--- Material for the task Enclosed Below ---
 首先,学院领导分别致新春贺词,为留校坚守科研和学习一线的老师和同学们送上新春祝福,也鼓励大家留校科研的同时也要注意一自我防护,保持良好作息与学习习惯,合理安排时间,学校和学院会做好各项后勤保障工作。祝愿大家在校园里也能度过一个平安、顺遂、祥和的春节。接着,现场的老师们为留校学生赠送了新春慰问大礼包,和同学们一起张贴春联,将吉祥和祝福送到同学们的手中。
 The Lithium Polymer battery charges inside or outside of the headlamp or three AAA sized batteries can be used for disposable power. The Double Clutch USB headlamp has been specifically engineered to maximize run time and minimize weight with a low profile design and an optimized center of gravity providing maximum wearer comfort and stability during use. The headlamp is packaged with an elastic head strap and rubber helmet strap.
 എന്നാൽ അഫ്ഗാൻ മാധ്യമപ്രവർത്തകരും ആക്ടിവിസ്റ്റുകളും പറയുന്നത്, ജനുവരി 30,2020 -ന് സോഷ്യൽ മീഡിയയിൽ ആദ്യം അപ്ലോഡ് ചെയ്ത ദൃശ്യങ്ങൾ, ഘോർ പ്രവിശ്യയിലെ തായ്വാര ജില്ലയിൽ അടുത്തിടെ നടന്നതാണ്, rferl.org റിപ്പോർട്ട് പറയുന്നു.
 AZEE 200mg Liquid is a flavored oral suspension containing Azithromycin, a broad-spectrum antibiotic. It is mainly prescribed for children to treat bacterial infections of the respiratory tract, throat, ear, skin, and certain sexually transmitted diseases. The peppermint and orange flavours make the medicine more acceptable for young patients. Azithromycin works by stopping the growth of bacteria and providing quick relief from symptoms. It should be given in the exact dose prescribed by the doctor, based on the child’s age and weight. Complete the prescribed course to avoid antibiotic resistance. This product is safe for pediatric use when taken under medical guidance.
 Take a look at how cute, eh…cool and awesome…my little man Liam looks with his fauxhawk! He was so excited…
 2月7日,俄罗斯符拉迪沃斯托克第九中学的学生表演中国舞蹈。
--- End of Enclosed Material for the task ---
> _How to complete this task_:
Would you output the lines from the one that contains "Take a look" to the end of the data, both ends included, exactly as they appear?

> _Solution_:
 Take a look at how cute, eh…cool and awesome…my little man Liam looks with his fauxhawk! He was so excited…
 2月7日,俄罗斯符拉迪沃斯托克第九中学的学生表演中国舞蹈。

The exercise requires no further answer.